• **Goal of the exercise**
Please reproduce every record exactly as written, leaving out the pictures.

== Segment start ==

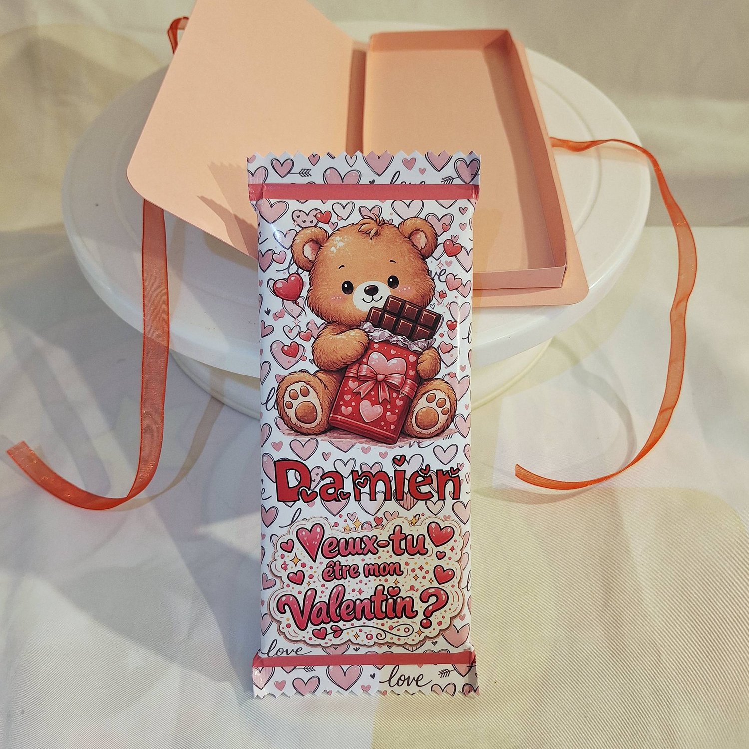 (3 versions : Valentin, Valentine et version anglaise), compatible avec toutes les marques de tablettes de chocolat classiques 100g.
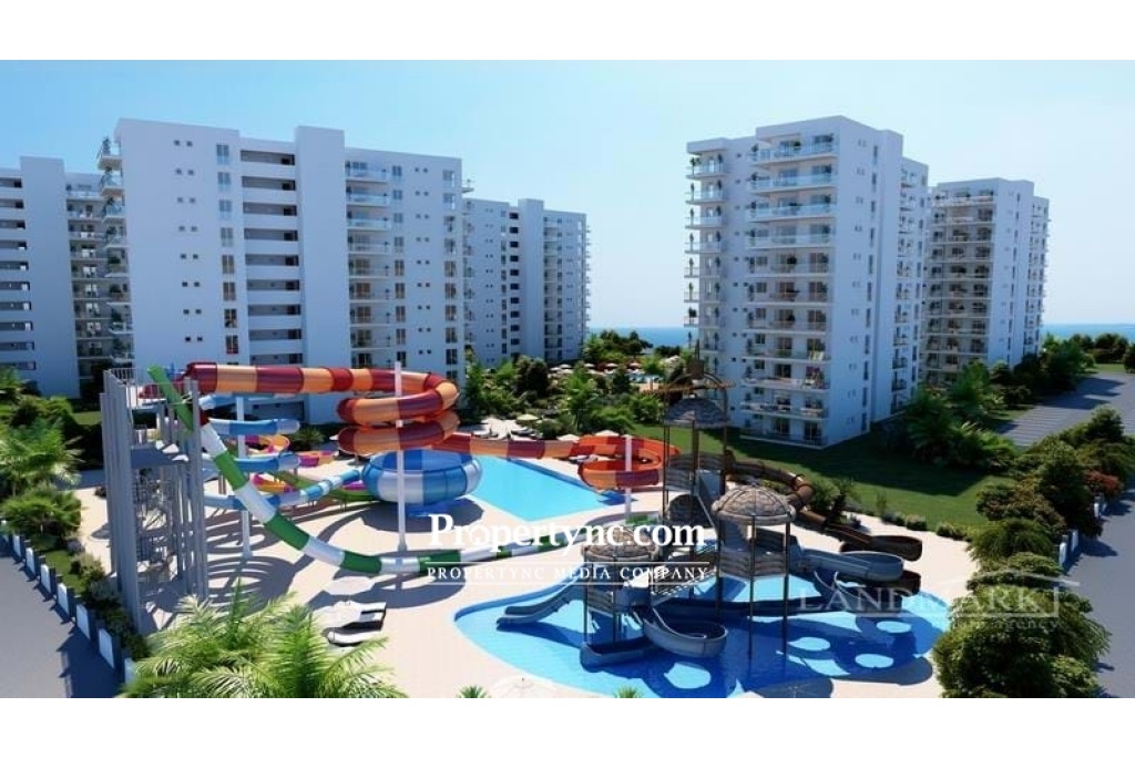 Off plan 1+1 apartments + communal swimming pools + aqua park + restaurant + walking distance to the sea + 4 years interest free payment plan
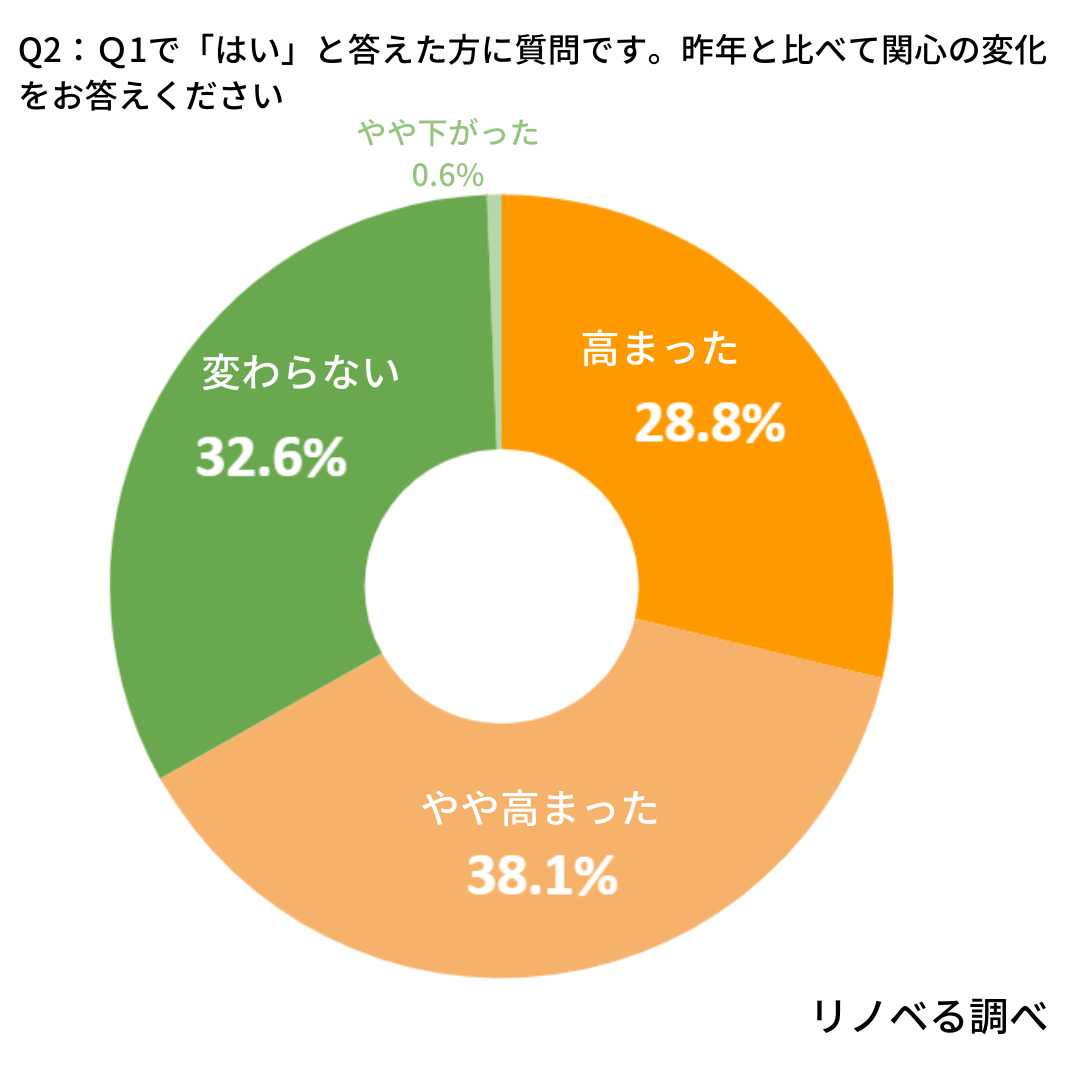 関心ありと答えた方の66.9%(「高まった」と「やや高まった」の合計)が昨年よりも関心が高まってるという結果となりました。
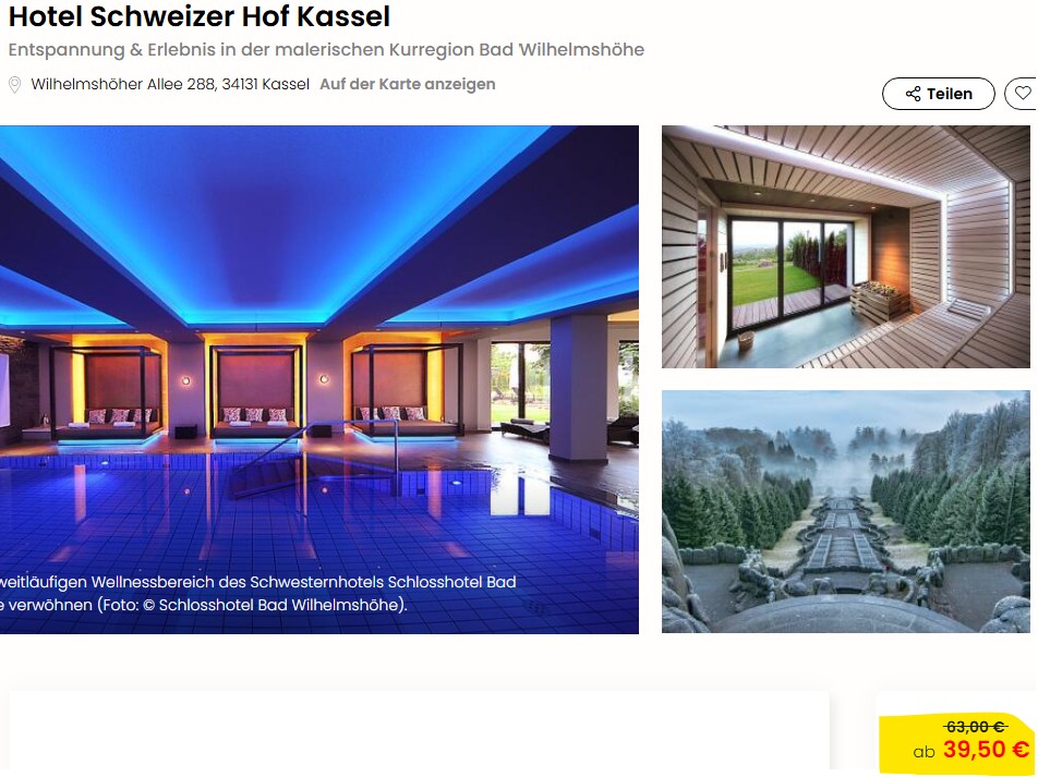 Super günstig könnt ihr aktuell bei Travelcircus das Hotel Schweizer Hof in Kassel schon für 79€ zu zweit im Doppelzimmer buchen. Teilt ihr euch die Kosten zu zweit, zahlt ihr also nur 39,50€ pro Person. In vielen Hotels kostet inzwischen allein das Frühstück schon so viel. Und das ist hier bereits inklusive.
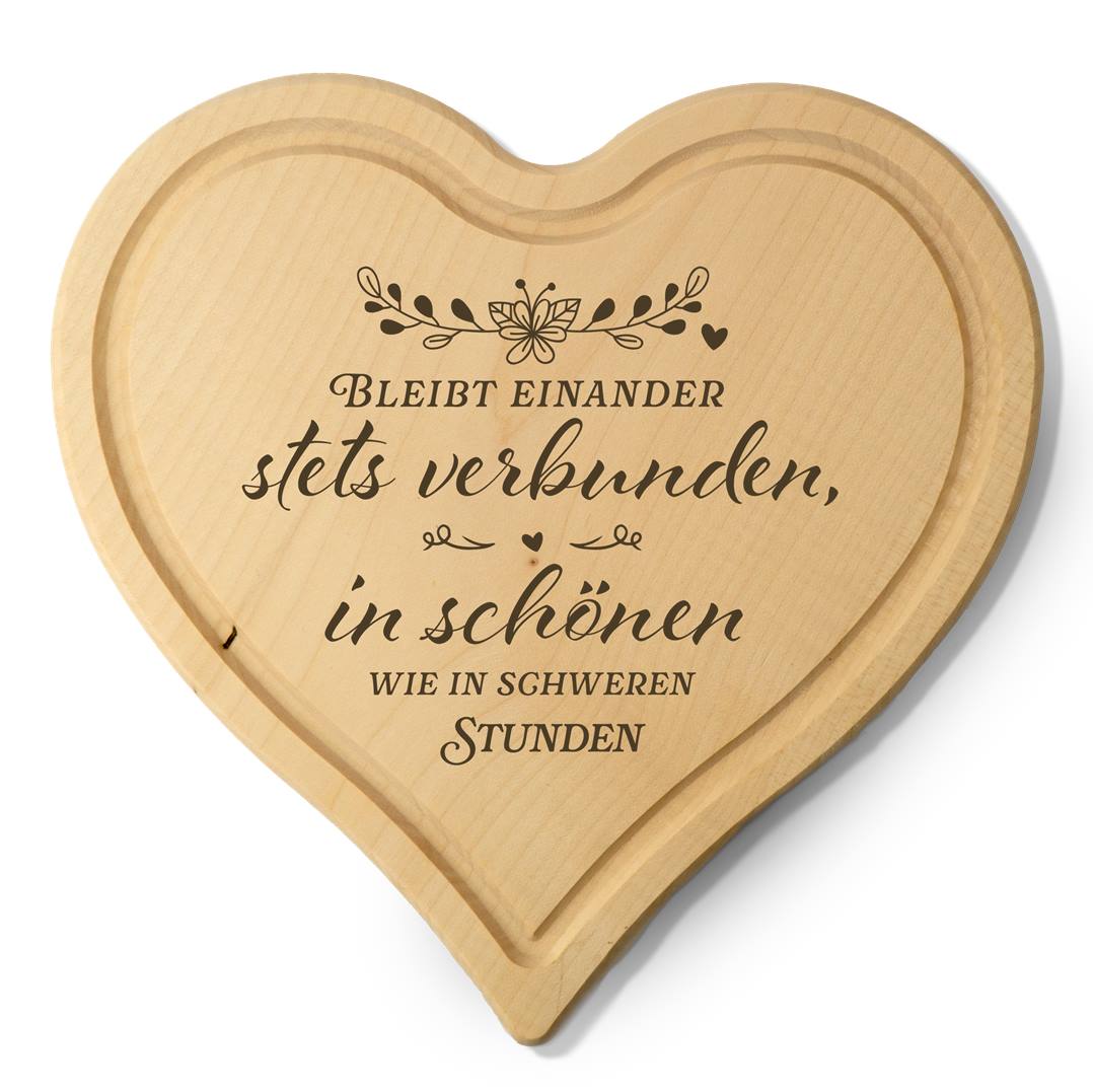 Schneidebrett - Bleibt einander stets verbunden, in schönen wie in schweren Stunden - Herzform

== Segment end ==

• **Answer section**
 (3 versions : Valentin, Valentine et version anglaise), compatible avec toutes les marques de tablettes de chocolat classiques 100g.
 Off plan 1+1 apartments + communal swimming pools + aqua park + restaurant + walking distance to the sea + 4 years interest free payment plan
 関心ありと答えた方の66.9%(「高まった」と「やや高まった」の合計)が昨年よりも関心が高まってるという結果となりました。
 Super günstig könnt ihr aktuell bei Travelcircus das Hotel Schweizer Hof in Kassel schon für 79€ zu zweit im Doppelzimmer buchen. Teilt ihr euch die Kosten zu zweit, zahlt ihr also nur 39,50€ pro Person. In vielen Hotels kostet inzwischen allein das Frühstück schon so viel. Und das ist hier bereits inklusive.
 Schneidebrett - Bleibt einander stets verbunden, in schönen wie in schweren Stunden - Herzform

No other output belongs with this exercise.